#### Recorded data

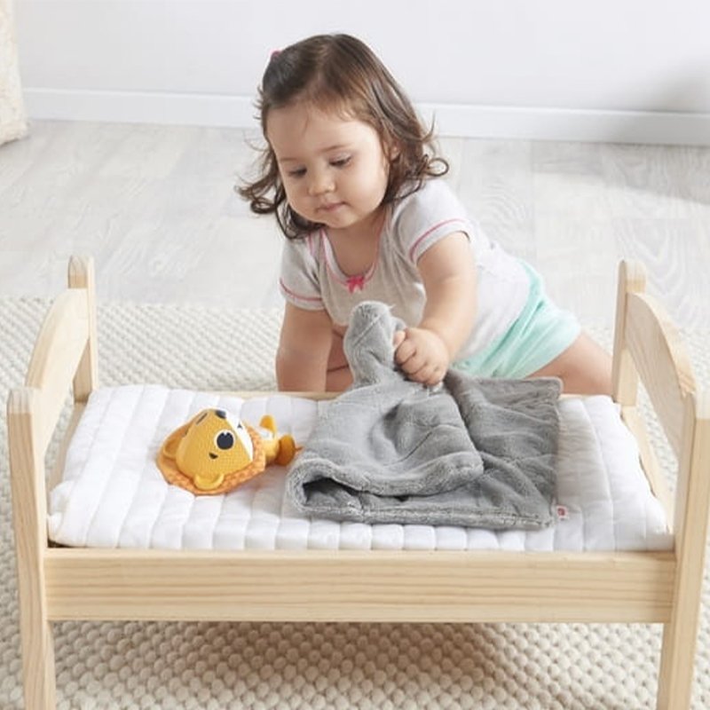 Dziecko uczy się w ten sposób m.in. cierpliwości, a także tego, jak opiekować się innymi (będzie nakrywało zabawkę kołderką, nuciło jej kołysankę, głaskało). Rodzic może wskazywać maluchowi, gdy nadchodzi czas drzemki czy spania. Z takim przyjacielem, dziecko z pewnością będzie bardziej skłonne do wykonania tej czynności.
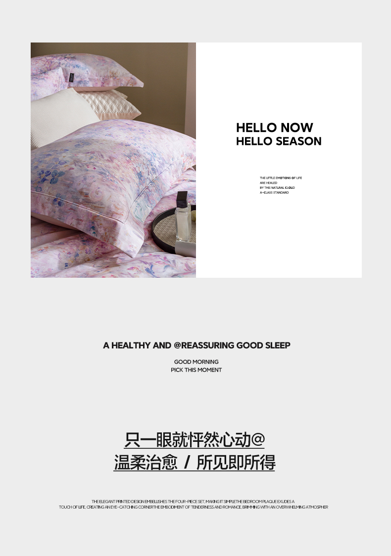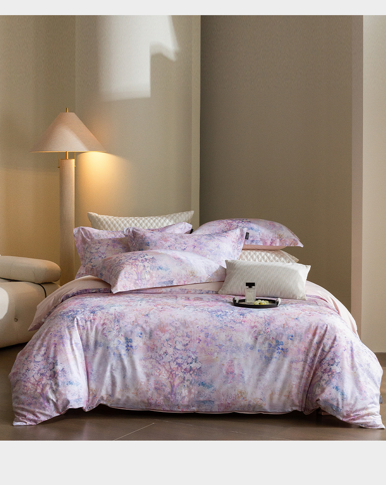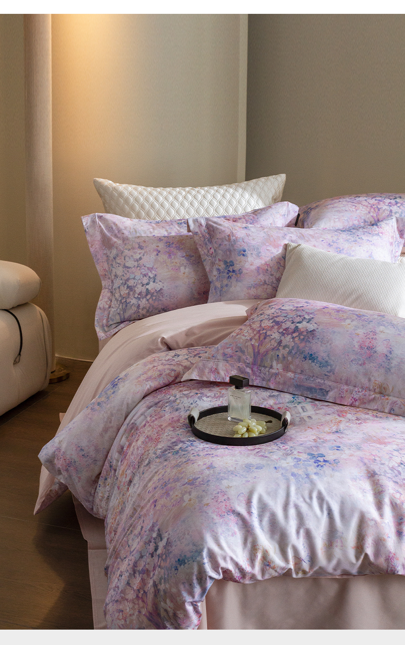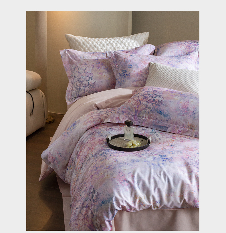 商品名称:三味舒屋 2025新款暖阳画卷系列S50数码印花磨毛四件套 午后莫奈粉
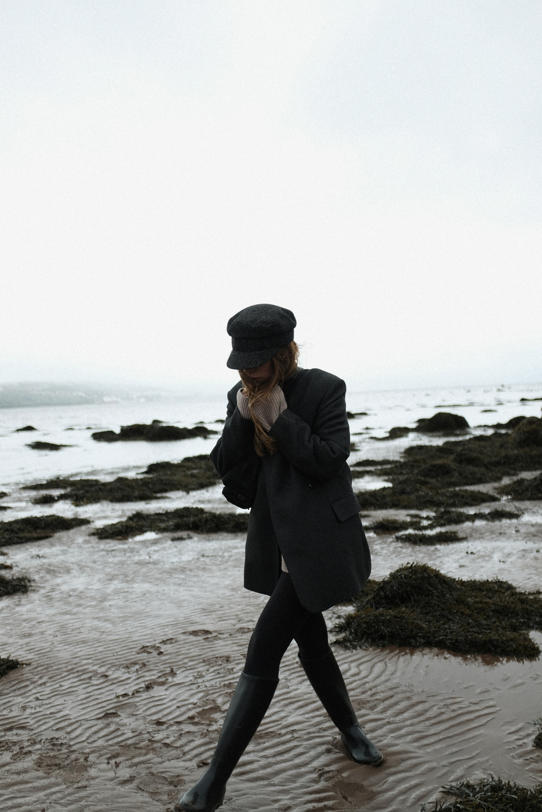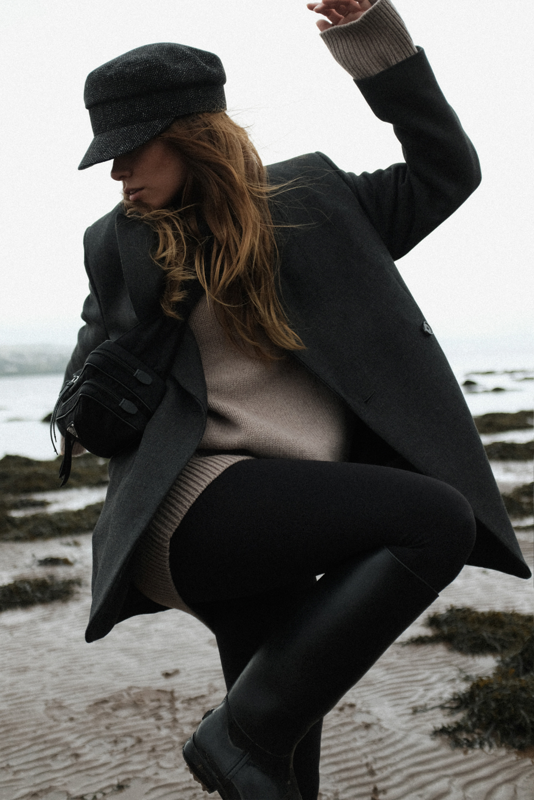 Die altbekannte Go-To Kombi, wenn es einfach und bequem sein soll: Leggings und ein oversized Pullover – ob als Travel-Outfit mit Sneakers, mit flachen Mules für kurze Erledigungen in der Stadt oder mit dicken Kuschel-Socken für zu Hause. Und genau das letzte Szenario war der Ausgangspunkt von meinem Look. Zuvor noch saß ich mit meinen dicken Socken und der Leggings-Pullover-Kombi vor dem Kamin, bevor ich in die Gummistiefel schlüpfte für einen kleinen Spaziergang am Wasser. Um die mild-kühle schottische Luft zu genießen, warf ich mir noch einen dicken Wollblazer über und setzte mir die Bakerboy-Mütze auf, meinen neuesten, aber nicht mehr wegzudenkenden Herbstbegleiter.

########

Output, exactly as written, only the lines from the beginning of the listing through the line containing "商品名称:三味舒屋 2025新款暖阳画卷系列S50数码印花磨毛四件套 午后莫奈粉", both included, and no pictures.

**Task output**.
 Dziecko uczy się w ten sposób m.in. cierpliwości, a także tego, jak opiekować się innymi (będzie nakrywało zabawkę kołderką, nuciło jej kołysankę, głaskało). Rodzic może wskazywać maluchowi, gdy nadchodzi czas drzemki czy spania. Z takim przyjacielem, dziecko z pewnością będzie bardziej skłonne do wykonania tej czynności.
 商品名称:三味舒屋 2025新款暖阳画卷系列S50数码印花磨毛四件套 午后莫奈粉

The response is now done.